Recorded data
□ □ □
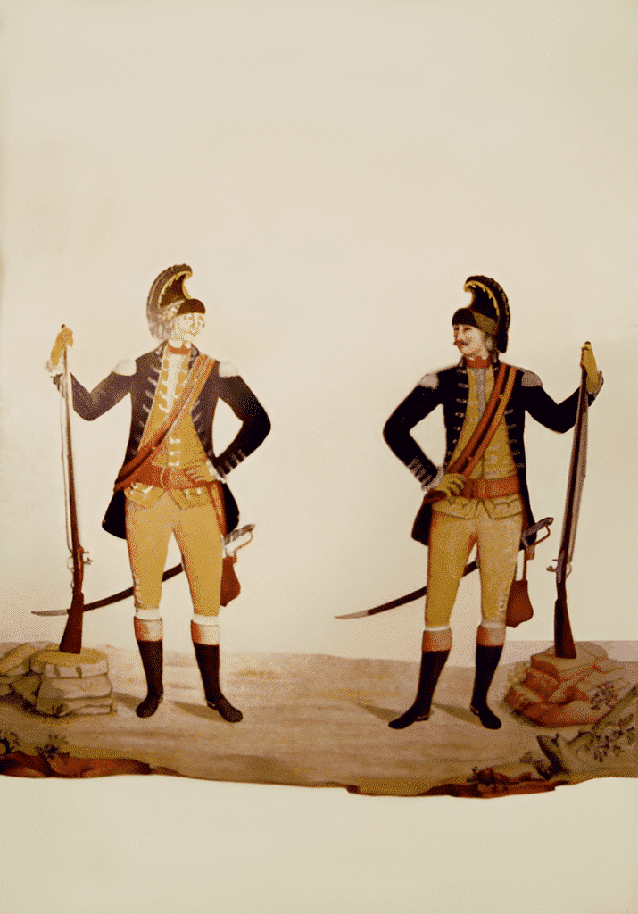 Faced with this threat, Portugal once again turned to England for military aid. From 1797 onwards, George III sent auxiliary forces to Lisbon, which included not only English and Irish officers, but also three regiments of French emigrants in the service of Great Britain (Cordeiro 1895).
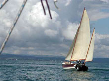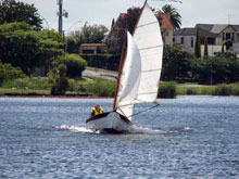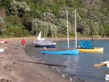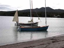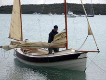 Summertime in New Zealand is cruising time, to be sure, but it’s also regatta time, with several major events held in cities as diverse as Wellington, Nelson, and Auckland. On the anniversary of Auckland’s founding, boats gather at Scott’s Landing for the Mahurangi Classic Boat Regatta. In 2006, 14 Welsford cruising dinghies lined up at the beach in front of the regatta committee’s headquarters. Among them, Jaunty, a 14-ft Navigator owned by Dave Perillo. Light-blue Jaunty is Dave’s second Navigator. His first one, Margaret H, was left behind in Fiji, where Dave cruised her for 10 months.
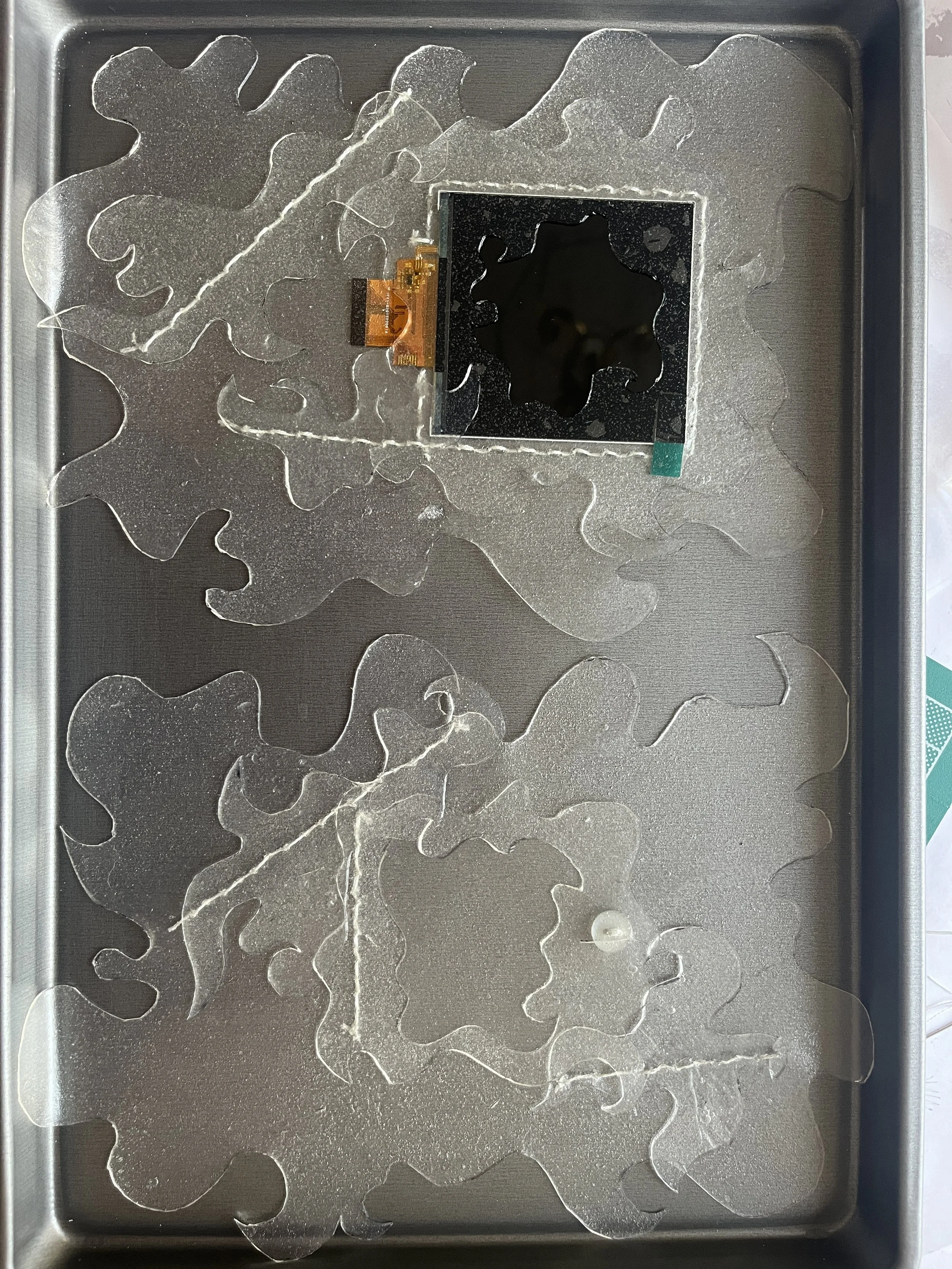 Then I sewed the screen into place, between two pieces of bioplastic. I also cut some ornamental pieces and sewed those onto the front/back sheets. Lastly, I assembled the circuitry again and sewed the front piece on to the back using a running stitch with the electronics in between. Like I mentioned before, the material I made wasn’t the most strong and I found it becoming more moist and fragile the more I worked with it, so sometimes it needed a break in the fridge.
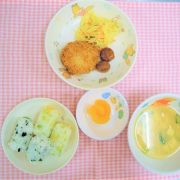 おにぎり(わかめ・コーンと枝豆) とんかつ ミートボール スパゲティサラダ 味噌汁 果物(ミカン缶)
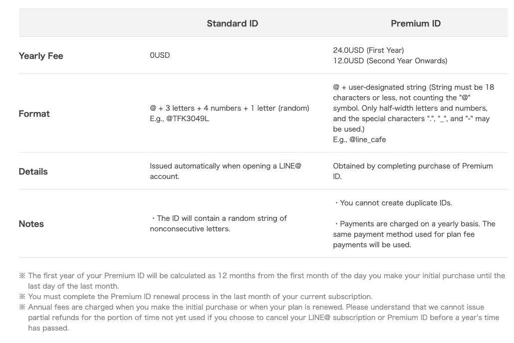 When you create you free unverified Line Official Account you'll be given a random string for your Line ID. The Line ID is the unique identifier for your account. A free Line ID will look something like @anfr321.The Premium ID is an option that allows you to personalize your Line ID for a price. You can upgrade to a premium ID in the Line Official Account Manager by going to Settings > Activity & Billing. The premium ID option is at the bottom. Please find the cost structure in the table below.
□ □ □
Description of the task
Without the pictures, retype each line of the records above exactly.

Answer to this task
 Faced with this threat, Portugal once again turned to England for military aid. From 1797 onwards, George III sent auxiliary forces to Lisbon, which included not only English and Irish officers, but also three regiments of French emigrants in the service of Great Britain (Cordeiro 1895).
 Summertime in New Zealand is cruising time, to be sure, but it’s also regatta time, with several major events held in cities as diverse as Wellington, Nelson, and Auckland. On the anniversary of Auckland’s founding, boats gather at Scott’s Landing for the Mahurangi Classic Boat Regatta. In 2006, 14 Welsford cruising dinghies lined up at the beach in front of the regatta committee’s headquarters. Among them, Jaunty, a 14-ft Navigator owned by Dave Perillo. Light-blue Jaunty is Dave’s second Navigator. His first one, Margaret H, was left behind in Fiji, where Dave cruised her for 10 months.
 Then I sewed the screen into place, between two pieces of bioplastic. I also cut some ornamental pieces and sewed those onto the front/back sheets. Lastly, I assembled the circuitry again and sewed the front piece on to the back using a running stitch with the electronics in between. Like I mentioned before, the material I made wasn’t the most strong and I found it becoming more moist and fragile the more I worked with it, so sometimes it needed a break in the fridge.
 おにぎり(わかめ・コーンと枝豆) とんかつ ミートボール スパゲティサラダ 味噌汁 果物(ミカン缶)
 When you create you free unverified Line Official Account you'll be given a random string for your Line ID. The Line ID is the unique identifier for your account. A free Line ID will look something like @anfr321.The Premium ID is an option that allows you to personalize your Line ID for a price. You can upgrade to a premium ID in the Line Official Account Manager by going to Settings > Activity & Billing. The premium ID option is at the bottom. Please find the cost structure in the table below.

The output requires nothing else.